Start of Block

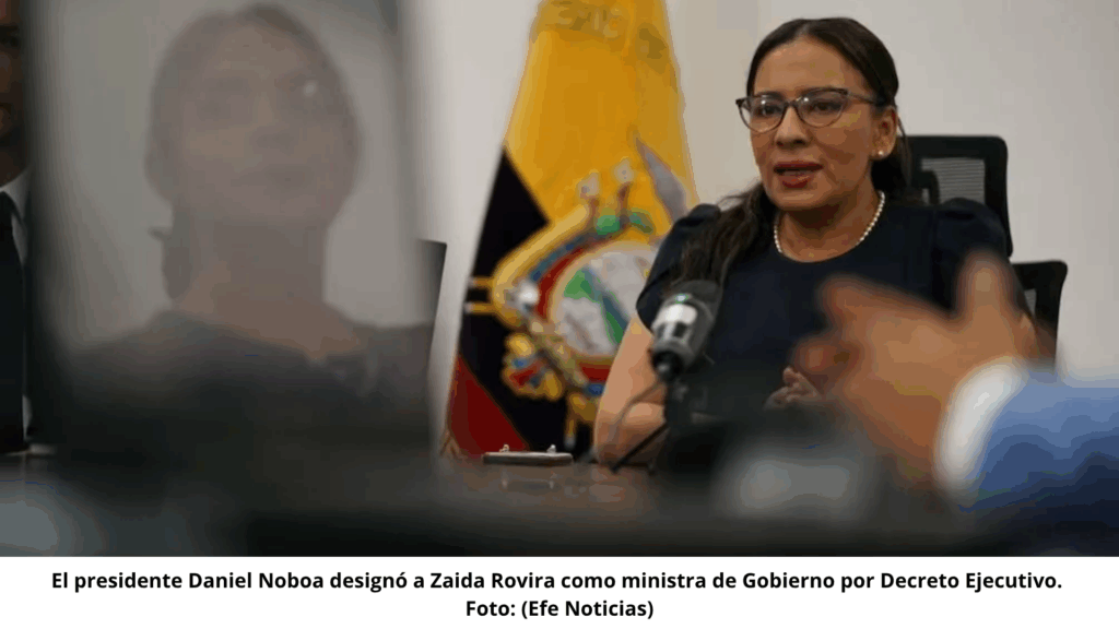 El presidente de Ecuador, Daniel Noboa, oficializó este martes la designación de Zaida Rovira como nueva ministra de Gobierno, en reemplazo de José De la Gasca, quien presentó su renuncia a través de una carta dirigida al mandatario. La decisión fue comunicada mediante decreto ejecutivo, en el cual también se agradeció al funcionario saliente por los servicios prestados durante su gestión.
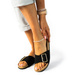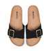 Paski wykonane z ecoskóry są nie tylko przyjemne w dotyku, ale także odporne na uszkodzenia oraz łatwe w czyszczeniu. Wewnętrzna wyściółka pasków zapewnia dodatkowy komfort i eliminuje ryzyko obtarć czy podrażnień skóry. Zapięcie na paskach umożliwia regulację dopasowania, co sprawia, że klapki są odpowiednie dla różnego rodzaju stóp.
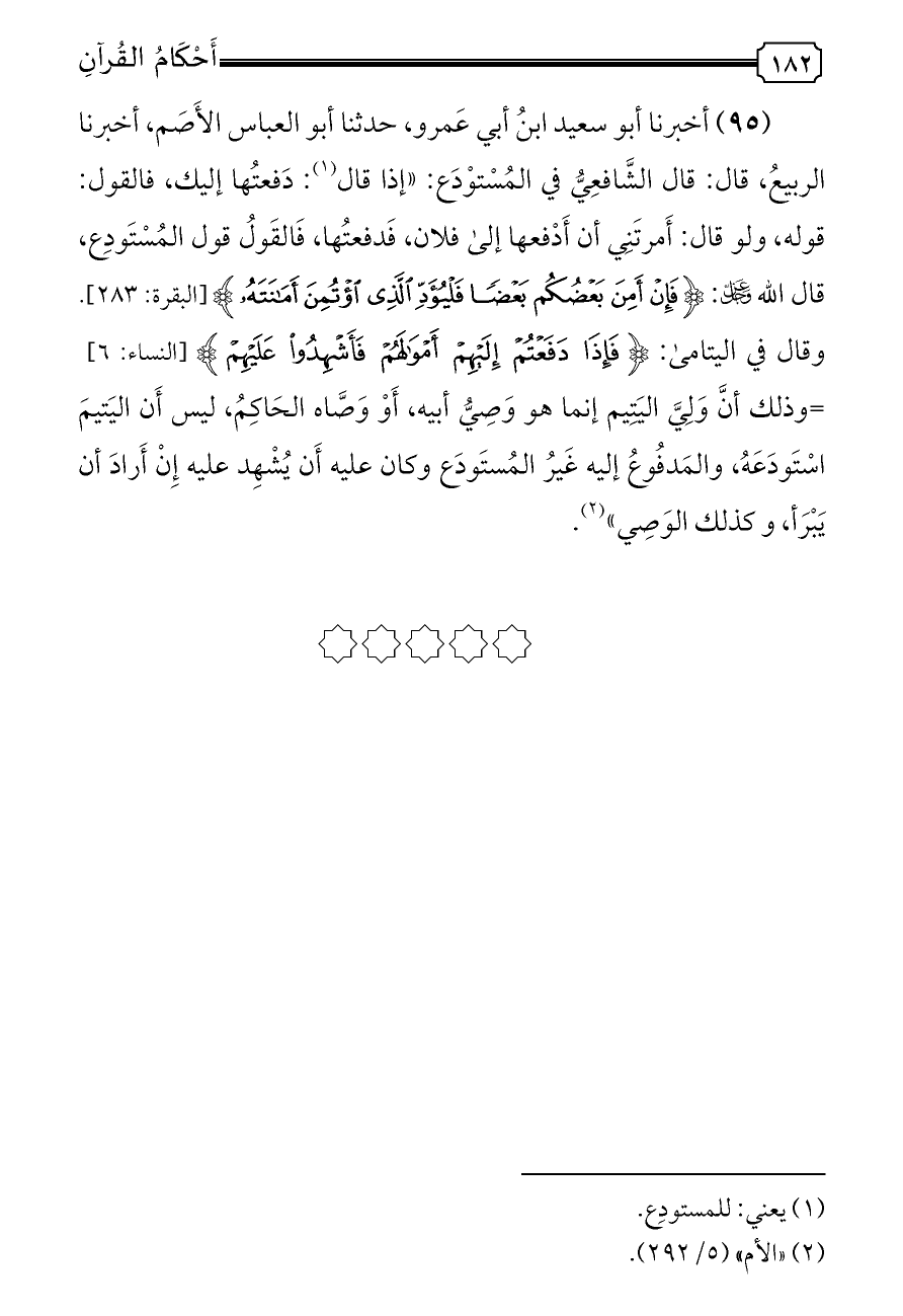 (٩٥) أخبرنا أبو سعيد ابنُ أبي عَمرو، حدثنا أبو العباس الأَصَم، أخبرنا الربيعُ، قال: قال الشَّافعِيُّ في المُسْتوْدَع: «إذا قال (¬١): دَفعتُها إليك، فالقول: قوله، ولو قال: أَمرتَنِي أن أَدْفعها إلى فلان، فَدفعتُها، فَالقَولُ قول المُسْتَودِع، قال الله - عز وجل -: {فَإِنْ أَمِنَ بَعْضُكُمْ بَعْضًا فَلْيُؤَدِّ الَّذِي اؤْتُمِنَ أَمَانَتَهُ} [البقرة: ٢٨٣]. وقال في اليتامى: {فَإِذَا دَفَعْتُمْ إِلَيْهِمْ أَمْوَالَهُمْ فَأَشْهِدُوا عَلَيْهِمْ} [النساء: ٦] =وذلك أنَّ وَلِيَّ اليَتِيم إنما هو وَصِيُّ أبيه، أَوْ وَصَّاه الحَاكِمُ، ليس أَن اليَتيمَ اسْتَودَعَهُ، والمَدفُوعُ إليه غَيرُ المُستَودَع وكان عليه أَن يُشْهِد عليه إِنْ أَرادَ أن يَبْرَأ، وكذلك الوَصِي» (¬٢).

End of Block

• Task goal:
When you copy the lines above, drop the pictures and keep everything else exact.

• Answer section:
 El presidente de Ecuador, Daniel Noboa, oficializó este martes la designación de Zaida Rovira como nueva ministra de Gobierno, en reemplazo de José De la Gasca, quien presentó su renuncia a través de una carta dirigida al mandatario. La decisión fue comunicada mediante decreto ejecutivo, en el cual también se agradeció al funcionario saliente por los servicios prestados durante su gestión.
 Paski wykonane z ecoskóry są nie tylko przyjemne w dotyku, ale także odporne na uszkodzenia oraz łatwe w czyszczeniu. Wewnętrzna wyściółka pasków zapewnia dodatkowy komfort i eliminuje ryzyko obtarć czy podrażnień skóry. Zapięcie na paskach umożliwia regulację dopasowania, co sprawia, że klapki są odpowiednie dla różnego rodzaju stóp.
 (٩٥) أخبرنا أبو سعيد ابنُ أبي عَمرو، حدثنا أبو العباس الأَصَم، أخبرنا الربيعُ، قال: قال الشَّافعِيُّ في المُسْتوْدَع: «إذا قال (¬١): دَفعتُها إليك، فالقول: قوله، ولو قال: أَمرتَنِي أن أَدْفعها إلى فلان، فَدفعتُها، فَالقَولُ قول المُسْتَودِع، قال الله - عز وجل -: {فَإِنْ أَمِنَ بَعْضُكُمْ بَعْضًا فَلْيُؤَدِّ الَّذِي اؤْتُمِنَ أَمَانَتَهُ} [البقرة: ٢٨٣]. وقال في اليتامى: {فَإِذَا دَفَعْتُمْ إِلَيْهِمْ أَمْوَالَهُمْ فَأَشْهِدُوا عَلَيْهِمْ} [النساء: ٦] =وذلك أنَّ وَلِيَّ اليَتِيم إنما هو وَصِيُّ أبيه، أَوْ وَصَّاه الحَاكِمُ، ليس أَن اليَتيمَ اسْتَودَعَهُ، والمَدفُوعُ إليه غَيرُ المُستَودَع وكان عليه أَن يُشْهِد عليه إِنْ أَرادَ أن يَبْرَأ، وكذلك الوَصِي» (¬٢).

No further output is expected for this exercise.